Furrer denies he hit Murdick. Police are investigating.
Sunset Hills Police Chief William LaGrand said officers were called to the scene about 4:30 p.m. He confirmed the incident involved the mayor and a cyclist but said he did not have details on the incident.
A police report will not be ready before Friday, he said, so he was not sure whether the mayor’s car had struck the bicycle. LaGrand said he did not believe paramedics had been called.
Murdick said the man in the red car took off, and a witness in another car followed him. Furrer returned to the scene, and about a half dozen police officers arrived, Murdick said. Murdick later went to St. Anthony’s Medical Center and said he has a torn Achilles tendon and bruises.
Murdick said he didn’t learn the driver of the car was the city’s mayor until after going to the police station with his attorney to demand that the driver be investigated for felony assault. He said the matter should be taken seriously and not be treated as a simple traffic accident.
Furrer disputes Murdick’s version. He said he was driving his red 1991 Mercedes 300SL convertible with the top down when the cyclist ran a stop sign and whipped around a corner. He said he yelled at the cyclist that he needed to stop at the sign, and the cyclist started shouting at him, using profanities.
“He caught me off guard, frankly,” Furrer said. “Because I would have expected him to stop. He came around the corner at a pretty good clip on some fancy bike. Frankly, it’s my mistake, I shouldn’t have engaged him and I tell everybody I know, never engage them.”
Furrer said Murdick grabbed onto his car during the incident, which Murdick denies. Furrer said he didn’t accelerate or swerve, but saw Murdick tumble from his bike. Furrer said he kept going, but turned around at the first opportunity to go back to check on him.

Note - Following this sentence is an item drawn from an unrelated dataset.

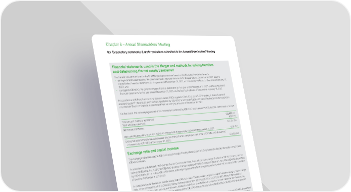 www.se.com Schneider Electric Universal Registration Document 2021 464 Chapter 8 – Annual Shareholders’ Meeting Financial statements used in the Merger and methods for valuing transfers and determining the net assets transferred The transfer values mentioned in the Draft Merger Agreement are based on the following financial statements: • as regards Schneider Electric, the parent company financial statements for the year ended December 31, 2021 and the consolidated financial statements for the year ended December 31, 2021, as finalized by the Board of Directors on February 16, 2022; and • as regards IGE+XAO, the parent company financial statements for the year ended December 31, 2021 and the consolidated financial statements for the year ended December 31, 2021, as finalized by the Board of Directors on February 16, 2022. In accordance with French accounting standard-setter ANC’s regulation 2014-03 of June 5, 2014 relating to France’s general accounting plan (5) , the assets and liabilities transferred by IGE+XAO to Schneider Electric as part of the Merger will be recognized in Schneider Electric’s financial statements at their net carrying amounts at December 31, 2021. On that basis, the net carrying amount of the net assets transferred by IGE+XAO would amount to €38,693,042, determined as follows: Total amount of assets transferred: €39,650,407 Total liabilities assumed: € 3 9 9 ,112 Net assets transferred: €39,251,295 Net carrying amount of the 4,434 IGE+XAO shares held in treasury by IGE+XAO at December 31, 2021: €558,253 Giving net assets transferred to Schneider Electric (minus the net carrying amount of the 4,434 IGE+XAO shares held in treasury by IGE+XAO at December 31, 2021): €38,693,042 Exchange ratio and capital increase The exchange ratio proposed to IGE+XAO and Schneider Electric shareholders is 5 (five) Schneider Electric shares for every 3 (three) IGE+XAO shares. In accordance with Article L. 236-3 of the French Commercial Code, there will be no exchange of either the IGE+XAO shares held by Schneider Electric, i.e., 1,094,733 IGE+XAO shares at the signing date of the Draft Merger Agreement, nor of the IGE+XAO shares held by IGE+XAO itself, i.e., 4,434 IGE+XAO shares at the signing date of the Draft Merger Agreement, which will be canceled by operation of law after the Merger is completed. In consideration for the assets transferred by IGE+XAO, Schneider Electric would carry out a capital increase, applying the exchange ratio, in a nominal amount of €1,368,092, taking its share capital from €2,276,133,768 to €2,277,501,860, through the creation of 342,023 new shares, with par value of €4 each, allotted to IGE+XAO shareholders in proportion to their interest in the share capital, with the exception of Schneider Electric (in respect of the IGE+XAO shares held by Schneider Electric) and IGE+XAO (in respect of the IGE+XAO shares held by IGE+XAO itself). However, it is provided in Article 7.2 of the Draft Merger Agreement that in the event of a change in the number of IGE+XAO shares held by Schneider Electric and/or in the number of shares comprising the share capital of Schneider Electric that may impact the exchange ratio, the number of Schneider Electric shares to be issued in consideration for the Merger and, correlatively, the nominal amount of the resulting share capital increase would be automatically adjusted accordingly. Thus, in view of the adjustment related to the acquisition by SEISAS of 34,629 IGE+XAO shares after the signing date of the Draft Merger Agreement, the amount of the capital increase would amount, as of February 28, 2022, to €1,137,232 (i.e., 284,308 newly issued Schneider Electric shares) and the amount of the merger premium would amount to €3,940,246 and to €260,018,556 for the merger loss. The final amounts will be communicated on the date of the combined shareholders’ meeting. Following this capital increase and on the basis of information available to the Company, the distribution of capital would be, as of February 28, 2022, as follows: Shareholder Before the capital increase resulting from the Merger After the capital increase resulting from the Merger (resolution #18) (resolution #18) Number of shares % of capital Number of shares % of capital Free Float 460,869,416 80.992% 460,869,416 8 0.9 51% Sun Life Financial, Inc. 39,681,766 6 . 974% 39,681,766 6.970% Blackrock, Inc. 35,703,751 6 . 274% 35,703,751 6.271% Employees 20,321,627 3.571% 20,321,627 3.569% Group-owned stock 12,456,882 2.18 9 % 12,456,882 2.18 8 % Former shareholders of IGE+XAO 0 0.000% 284,308 0.045% Total 569,033,442 100% 569,317,750 100% (5) As amended, particularly by regulation no. 2017-01 of May 5, 2017 and regulation no. 2019-06 of November 8, 2019. 8.1 Explanatory comments & draft resolutions submitted to the Annual Shareholders’ Meeting

Murdick said that not only did he stop at the stop sign on Old Gravois Road, but did so long enough to unclip his shoes from the bike’s pedals. Murdick also said he would have never grabbed the mayor’s car, adding that it would have made no sense to pit a 17-pound bike against a 3,000-pound vehicle.

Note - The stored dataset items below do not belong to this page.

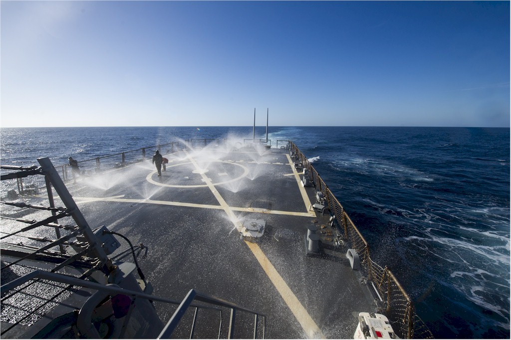 | 182k | 151130-N-VE959-236. Mediterranean Sea, November 30 2015, guided-missile destroyer USS Gonzalez (DDG 66) undergoes a counter measure wash down. Gonzalez, part of the Harry S. Truman Carrier Strike Group, is conducting naval operations in the U.S. 6th Fleet area of operations in support of U.S. national security interests in Europe and Africa. U.S. Navy photo by Mass Communication Specialist 3rd Class P. Sena. | Ron Reeves |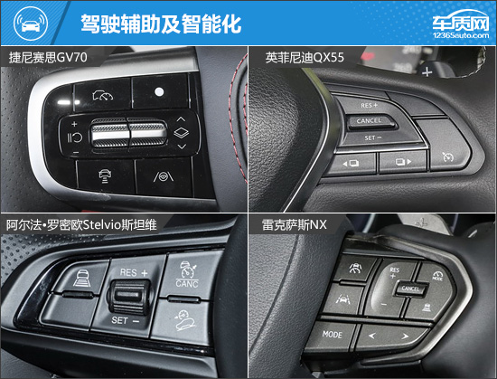 内饰方面,四款车型都采用常规样式的中控台造型。其中,英菲尼迪QX55和斯坦维的中控屏幕采用内嵌式设计,雷克萨斯NX为悬浮式屏幕,捷尼赛思GV70则是采用27英寸全液晶仪表盘+中控多媒体显示屏的双联屏。四款车型均采用家族最新样式的方向盘且同为三辐式设计,造型时尚精致,符合自身的定位。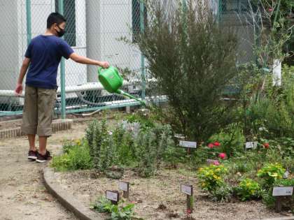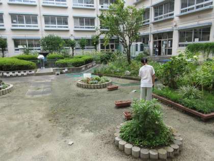 長休時、中庭の様子です。環境委員会のメンバーが水やりをしています。

Furrer’s disputes Murdick’s claims but stopped short of calling him a liar.
“Honestly, I’m ready to vomit,” Furrer said. “From yesterday on I’m so upset, I just feel like I could throw up because it’s so disturbing that somebody could accuse me of a road rage thing.”
No arrests were made and the incident remains under investigation, the police chief said. It will be treated like any other case despite the mayor’s involvement, LaGrand said.

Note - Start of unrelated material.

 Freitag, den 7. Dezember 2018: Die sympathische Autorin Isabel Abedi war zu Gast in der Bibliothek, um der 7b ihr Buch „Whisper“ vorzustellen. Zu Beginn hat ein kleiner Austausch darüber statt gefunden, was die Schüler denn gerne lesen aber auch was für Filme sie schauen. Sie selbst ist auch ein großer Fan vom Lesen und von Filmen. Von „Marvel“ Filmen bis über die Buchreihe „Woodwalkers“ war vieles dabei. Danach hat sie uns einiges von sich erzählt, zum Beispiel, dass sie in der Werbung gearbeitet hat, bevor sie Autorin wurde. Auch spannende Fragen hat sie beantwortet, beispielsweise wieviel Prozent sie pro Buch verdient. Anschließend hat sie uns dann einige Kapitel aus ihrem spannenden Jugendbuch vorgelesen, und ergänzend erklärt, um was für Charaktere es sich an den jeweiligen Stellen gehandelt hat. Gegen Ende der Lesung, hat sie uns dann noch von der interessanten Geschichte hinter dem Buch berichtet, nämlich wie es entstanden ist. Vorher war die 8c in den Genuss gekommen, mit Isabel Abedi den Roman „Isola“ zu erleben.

Murdick questioned why the mayor wasn’t given a field sobriety test. LaGrand said there was no evidence that alcohol had played a role, so Furrer wasn’t tested.
The part-time mayor attended the opening of a Mexican restaurant in the city earlier in the day and said he had Diet Cokes with his lunch. A manager at Gordo’s Margaritas confirmed that the mayor drank soda, and said the restaurant wasn’t yet serving alcohol while it awaited a copy of its state liquor license.
Murdick’s attorney, Michelle Funkenbusch, said LaGrand should have called an outside agency to investigate, arguing that officers had no business looking into accusations that involve their boss.
Chip Self, managing partner of Swim Bike Run, an area endurance shop, said that Murdick, an electrician, was well-known among triathletes. He said Murdick had recently won a major state mountain biking contest.
“He’s the kind of guy that wins half the races he enters outright,” Self said. “He is beating guys half his age all the time.”
Swim Bike Run is one of two sponsors of the upcoming Sunset Hills Triathalon, to be held Aug. 24. Self said he would withdraw his company’s sponsorship of the race unless Furrer apologized and the city pledged to meet bicycle safety standards set by the League of American Bicyclists.
Furrer, retired from banking and real estate work, was a write-in candidate who beat the incumbent mayor in April. A controversy over a proposed QuikTrip store helped power Furrer’s surprise win over then-Mayor William Nolan.
“I caught him with his pants down around his ankles,” a jubilant Furrer said at the time, after being elected to his first public office. “The people have spoken.”